<<<<
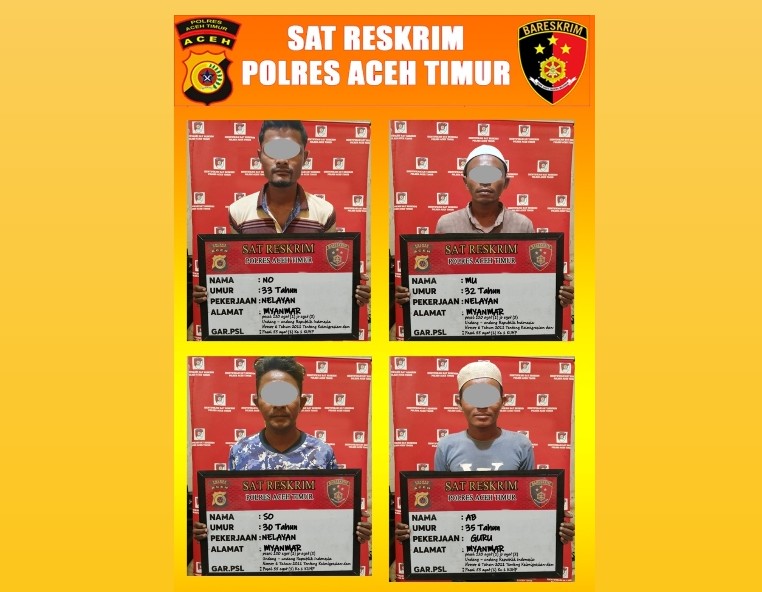 Aceh Timur – Penyidik dari Unit IV Perlindungan Perempuan dan Anak (PPA) Satreskrim Polres Aceh Timur, Polda Aceh kembali menetapkan 4 Warga Negara Asing (WNA) asal Myanmar sebagai tersangka baru pada tindak pidana penyelundupan manusia (TPPM) terhadap 264 imigran ilegal etnis Rohingya.
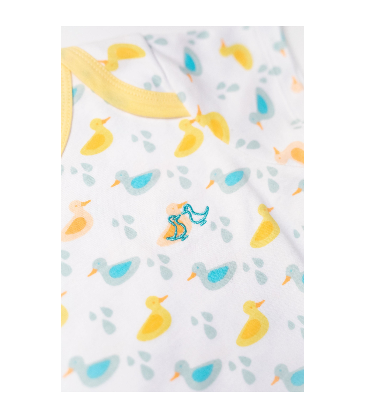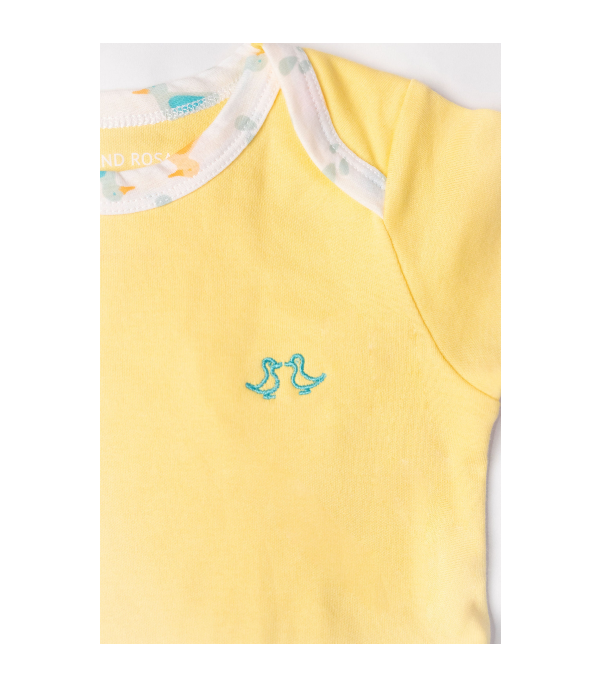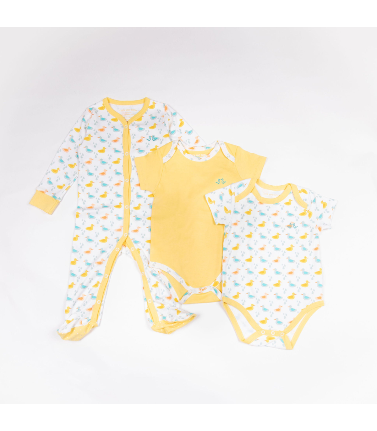 Designed for babies and toddlers from newborn up to 18-24 months, this luxurious set includes a sleep suit and two vests. The sleep suit features a front popper opening and contrast coloured trims. All are complemented by our distinctive embroidered logo and the stylish unisex duck print for that super cute look.
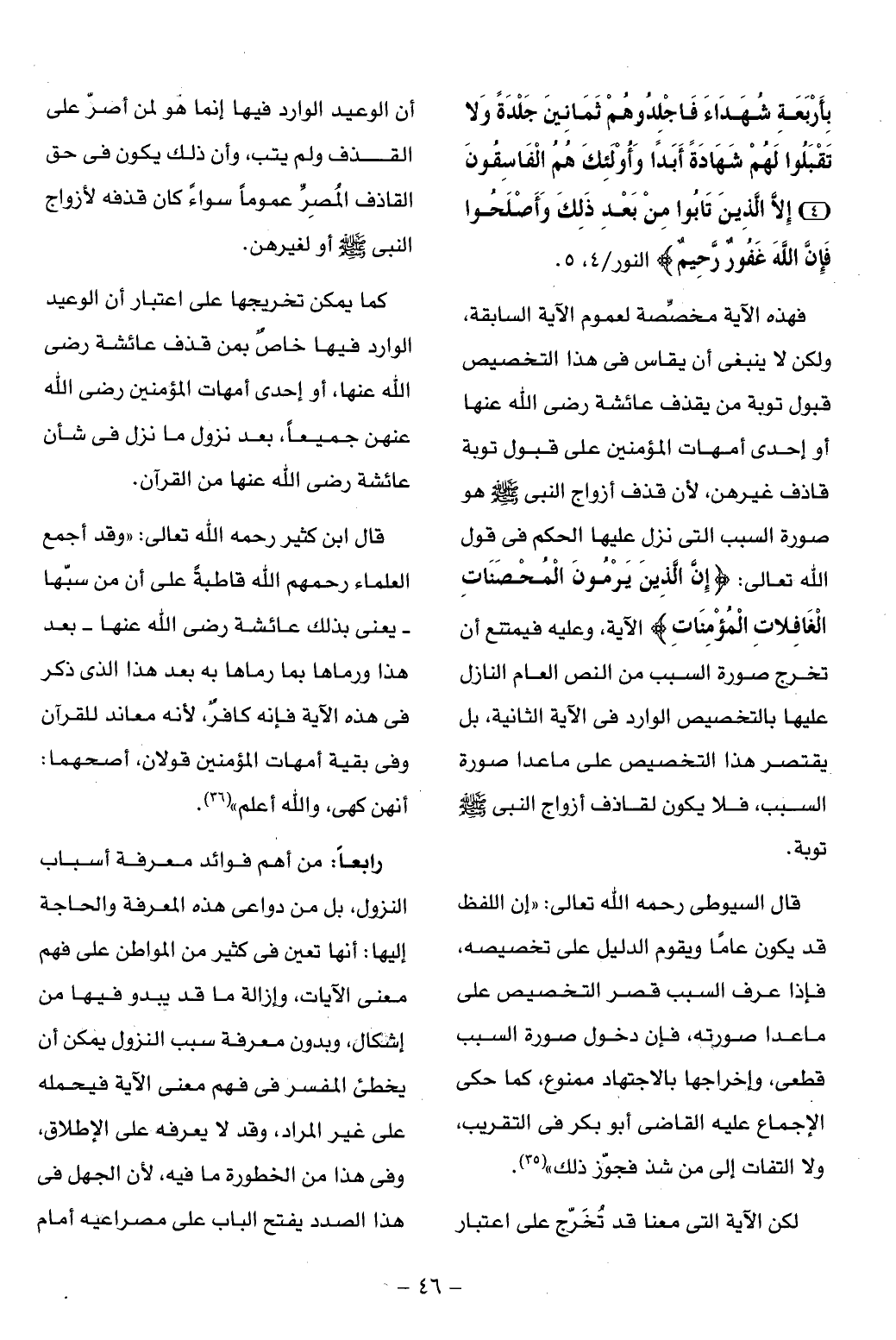 فهذه الآية مخصّصة لعموم الآية السابقة، ولكن لا ينبغى أن يقاس فى هذا التخصيص قبول توبة من يقذف عائشة رضى الله عنها أو إحدى أمهات المؤمنين على قبول توبة قاذف غيرهن، لأن قذف أزواج النبى صلّى الله عليه وسلم هو صورة السبب التى نزل عليها الحكم فى قول الله تعالى: إِنَّ الَّذِينَ يَرْمُونَ الْمُحْصَناتِ الْغافِلاتِ الْمُؤْمِناتِ الآية، وعليه فيمتنع أن تخرج صورة السبب من النص العام النازل عليها بالتخصيص الوارد فى الآية الثانية، بل يقتصر هذا التخصيص على ما عدا صورة السبب، فلا يكون لقاذف أزواج النبى صلّى الله عليه وسلم توبة.
>>>>
• **About this exercise**: The pictures alone are to be left out when the data above is copied; all else must match exactly.

• **Output of the task**:
 Aceh Timur – Penyidik dari Unit IV Perlindungan Perempuan dan Anak (PPA) Satreskrim Polres Aceh Timur, Polda Aceh kembali menetapkan 4 Warga Negara Asing (WNA) asal Myanmar sebagai tersangka baru pada tindak pidana penyelundupan manusia (TPPM) terhadap 264 imigran ilegal etnis Rohingya.
 Designed for babies and toddlers from newborn up to 18-24 months, this luxurious set includes a sleep suit and two vests. The sleep suit features a front popper opening and contrast coloured trims. All are complemented by our distinctive embroidered logo and the stylish unisex duck print for that super cute look.
 فهذه الآية مخصّصة لعموم الآية السابقة، ولكن لا ينبغى أن يقاس فى هذا التخصيص قبول توبة من يقذف عائشة رضى الله عنها أو إحدى أمهات المؤمنين على قبول توبة قاذف غيرهن، لأن قذف أزواج النبى صلّى الله عليه وسلم هو صورة السبب التى نزل عليها الحكم فى قول الله تعالى: إِنَّ الَّذِينَ يَرْمُونَ الْمُحْصَناتِ الْغافِلاتِ الْمُؤْمِناتِ الآية، وعليه فيمتنع أن تخرج صورة السبب من النص العام النازل عليها بالتخصيص الوارد فى الآية الثانية، بل يقتصر هذا التخصيص على ما عدا صورة السبب، فلا يكون لقاذف أزواج النبى صلّى الله عليه وسلم توبة.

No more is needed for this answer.